══ EXCERPTED RECORDS ══
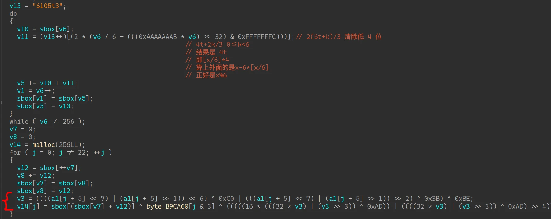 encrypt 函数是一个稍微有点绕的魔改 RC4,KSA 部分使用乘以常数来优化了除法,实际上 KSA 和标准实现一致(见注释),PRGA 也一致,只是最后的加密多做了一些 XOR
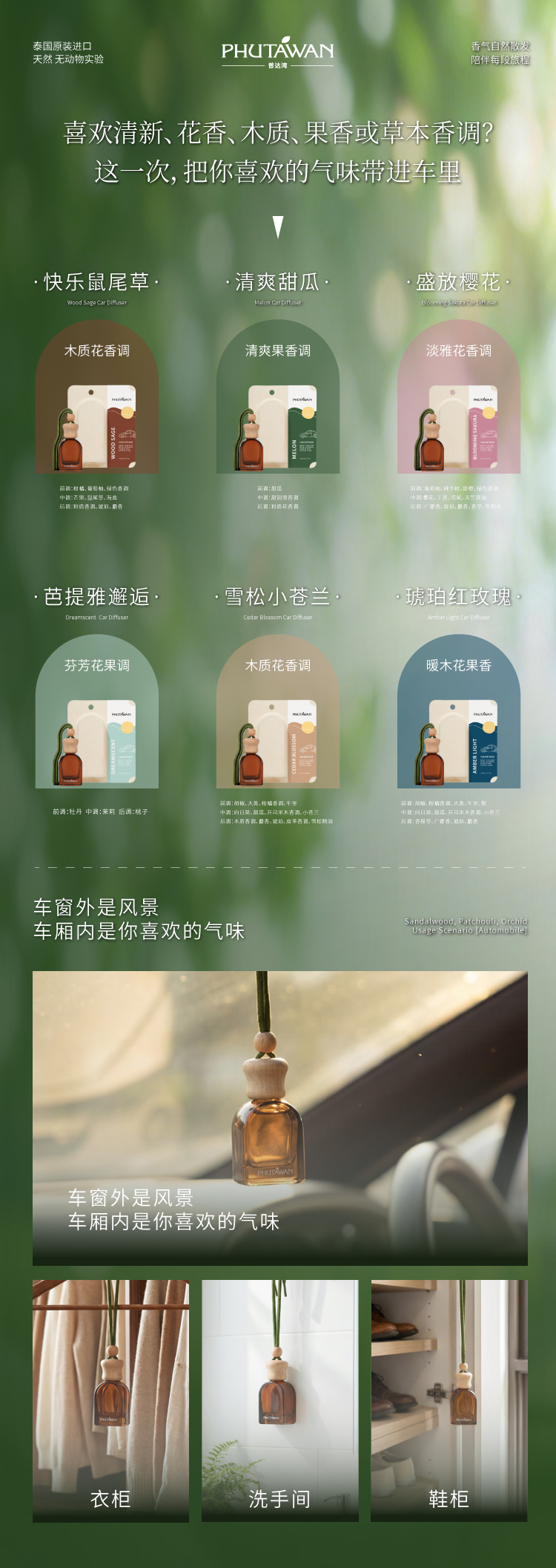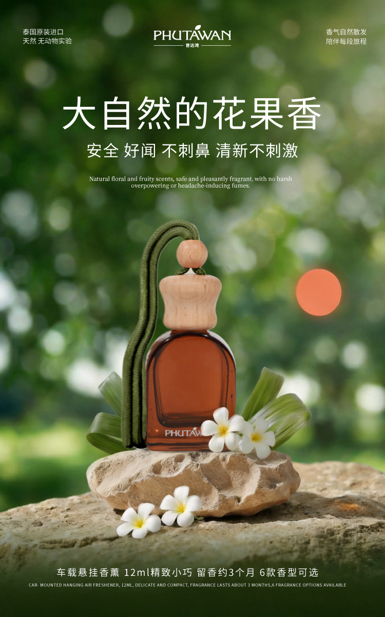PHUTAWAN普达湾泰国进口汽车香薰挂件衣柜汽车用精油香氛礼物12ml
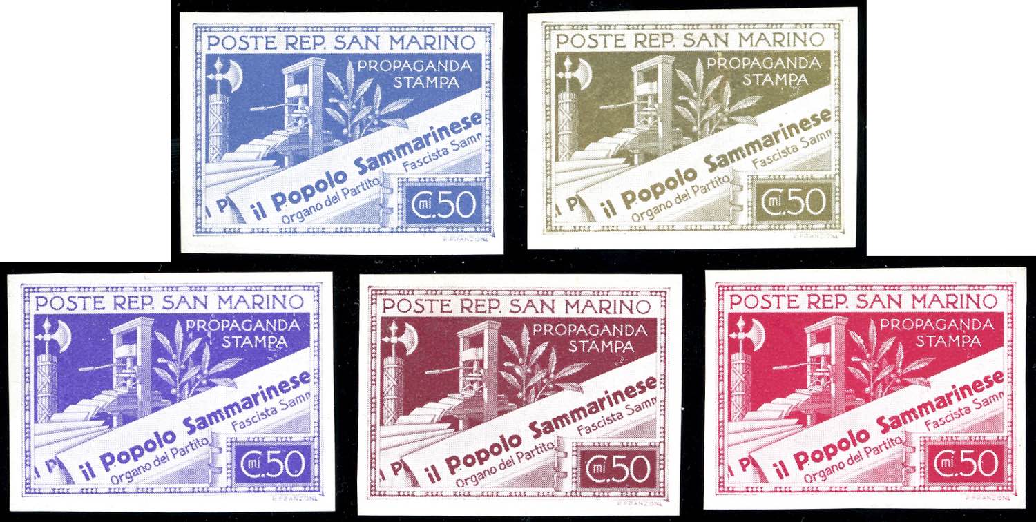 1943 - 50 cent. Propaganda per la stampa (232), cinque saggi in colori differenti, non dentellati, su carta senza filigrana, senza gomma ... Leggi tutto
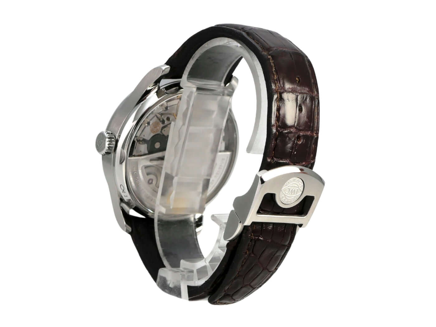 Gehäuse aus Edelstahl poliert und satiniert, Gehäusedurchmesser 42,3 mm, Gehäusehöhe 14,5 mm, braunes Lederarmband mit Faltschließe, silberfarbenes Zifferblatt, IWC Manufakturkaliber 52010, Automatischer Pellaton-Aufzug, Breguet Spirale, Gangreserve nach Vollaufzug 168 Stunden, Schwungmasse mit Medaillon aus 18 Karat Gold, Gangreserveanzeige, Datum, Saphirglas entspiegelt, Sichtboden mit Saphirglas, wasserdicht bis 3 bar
═══
══ EXCERPTED RECORDS ══
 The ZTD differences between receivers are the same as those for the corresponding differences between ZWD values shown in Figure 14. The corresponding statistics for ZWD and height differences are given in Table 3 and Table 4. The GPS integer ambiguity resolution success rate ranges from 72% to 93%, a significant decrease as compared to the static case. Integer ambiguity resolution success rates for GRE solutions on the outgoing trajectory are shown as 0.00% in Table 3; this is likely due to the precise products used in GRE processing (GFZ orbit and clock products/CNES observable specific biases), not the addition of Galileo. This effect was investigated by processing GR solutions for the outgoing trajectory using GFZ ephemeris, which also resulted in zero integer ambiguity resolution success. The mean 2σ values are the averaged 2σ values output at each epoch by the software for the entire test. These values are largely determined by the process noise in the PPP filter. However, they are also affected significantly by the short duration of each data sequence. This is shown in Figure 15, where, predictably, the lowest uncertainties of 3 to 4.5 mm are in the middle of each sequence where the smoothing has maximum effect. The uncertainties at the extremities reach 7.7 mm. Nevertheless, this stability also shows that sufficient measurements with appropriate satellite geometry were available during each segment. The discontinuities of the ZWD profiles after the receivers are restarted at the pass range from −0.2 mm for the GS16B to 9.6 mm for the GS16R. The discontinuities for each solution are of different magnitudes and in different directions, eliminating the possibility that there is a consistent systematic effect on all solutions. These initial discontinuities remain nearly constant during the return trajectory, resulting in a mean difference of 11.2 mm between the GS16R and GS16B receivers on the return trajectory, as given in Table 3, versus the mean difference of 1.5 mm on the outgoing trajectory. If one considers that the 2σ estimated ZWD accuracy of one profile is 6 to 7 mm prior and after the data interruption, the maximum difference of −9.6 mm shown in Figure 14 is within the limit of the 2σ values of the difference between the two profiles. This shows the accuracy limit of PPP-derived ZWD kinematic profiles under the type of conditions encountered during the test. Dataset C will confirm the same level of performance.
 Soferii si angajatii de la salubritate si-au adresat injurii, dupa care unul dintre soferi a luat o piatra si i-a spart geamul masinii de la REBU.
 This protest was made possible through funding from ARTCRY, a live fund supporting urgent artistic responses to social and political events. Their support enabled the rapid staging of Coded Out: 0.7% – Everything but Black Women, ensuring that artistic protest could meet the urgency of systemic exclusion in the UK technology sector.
═══
══ EXCERPTED RECORDS ══
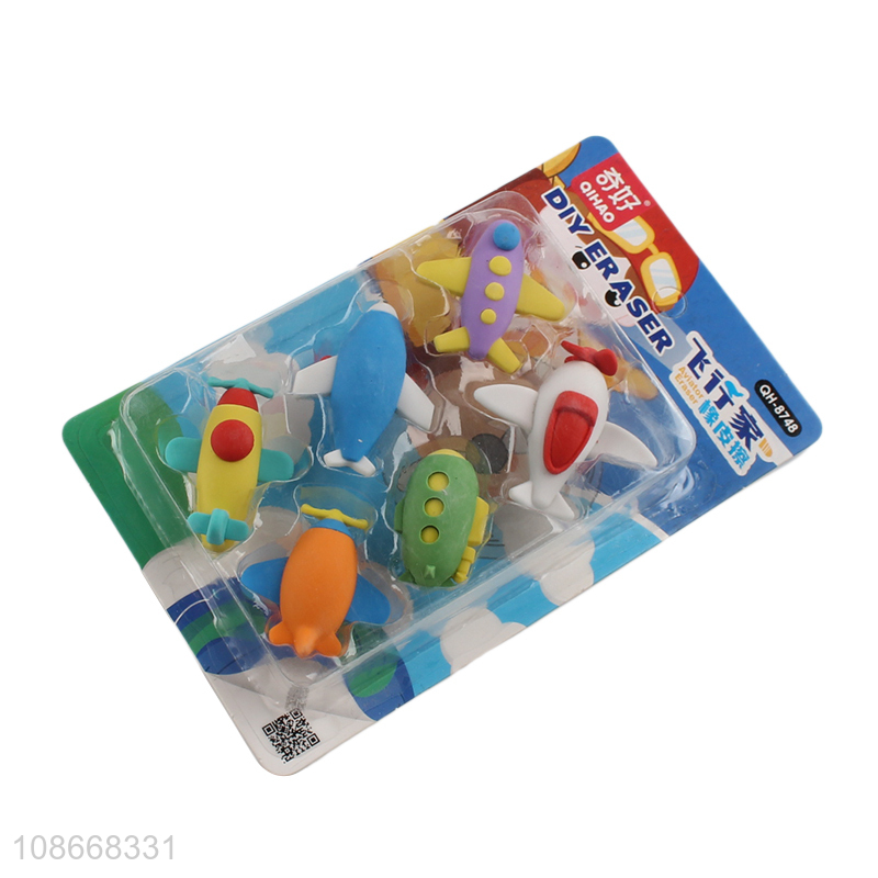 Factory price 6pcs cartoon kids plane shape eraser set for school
═══
ABOUT THIS EXERCISE: Using the material above, transcribe exactly the lines from the line with "Soferii si angajatii" to the line with "This protest was"; both count, and nothing else goes in.

EXERCISE RESPONSE:
 Soferii si angajatii de la salubritate si-au adresat injurii, dupa care unul dintre soferi a luat o piatra si i-a spart geamul masinii de la REBU.
 This protest was made possible through funding from ARTCRY, a live fund supporting urgent artistic responses to social and political events. Their support enabled the rapid staging of Coded Out: 0.7% – Everything but Black Women, ensuring that artistic protest could meet the urgency of systemic exclusion in the UK technology sector.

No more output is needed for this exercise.